Asthma, allergic sensitization and lung function in sickle cell disease

Main Article Content

Andrea Angel
Gustavo Falbo Wandalsen
Dirceu Solé
Fernanda C. Lanza
Carolina L.N. Cobra
Cintia Johnston
Josefina Aparecida Pellegrini Braga

Keywords

Sickle cell disease, Asthma, Allergic sensitization, Lung function

Abstract

Background: Pulmonary disease is a frequent acute and chronic manifestation in sickle cell disease (SCD), presenting high morbidity and mortality.


Objectives: To identify the prevalence and association of asthma, allergic sensitization and altered pulmonary function in patients with SCD (SS and Sβo).


Methods: A single-center, cross-sectional study was conducted, in which 70 patients with SCD and 44 controls, aged six to 18 years, responded to the questionnaire of the International Study of Asthma and Allergies in Childhood (ISAAC), complemented with an anamnesis regarding the associated clinical outcomes. All patients underwent immediate hypersensitivity skin tests with aeroallergens and a pulmonary function evaluation (spirometry). Regarding the statistical analysis, parametric and non parametric methods were used, depending on the variables studied. Tests were considered significant when p < 0.05.

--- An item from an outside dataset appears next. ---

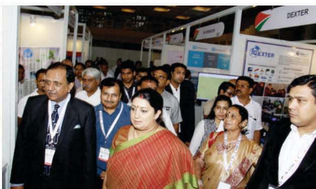
Smt. Smriti Irani Ministry of Woman & Child Development Ministry of Minority Affairs

Results: There was no significant difference between the patients and controls regarding the prevalence of asthma and allergic sensitization (p > 0.05). The number of occurrences of acute chest syndrome per patient per year was significantly higher for asthmatic patients than for nonasthmatic patients (p = 0.04). Obstructive pulmonary function occurred in 30.9% of the patients and in 5.4% of the controls, and restrictive pulmonary function occurred in 5.5% of the patients and 5.4% of the controls. Asthma and wheezing in the last 12 months had significant associations with obstructive pulmonary function (p = 0.014 and p = 0.027, respectively).


Conclusions: The occurrence of asthma, allergic sensitization and alteration in lung function in patients with SCD reinforces the importance of routine monitoring of these diagnoses, which allows for early treatment and prevention of the evolution of pulmonary disease in adulthood.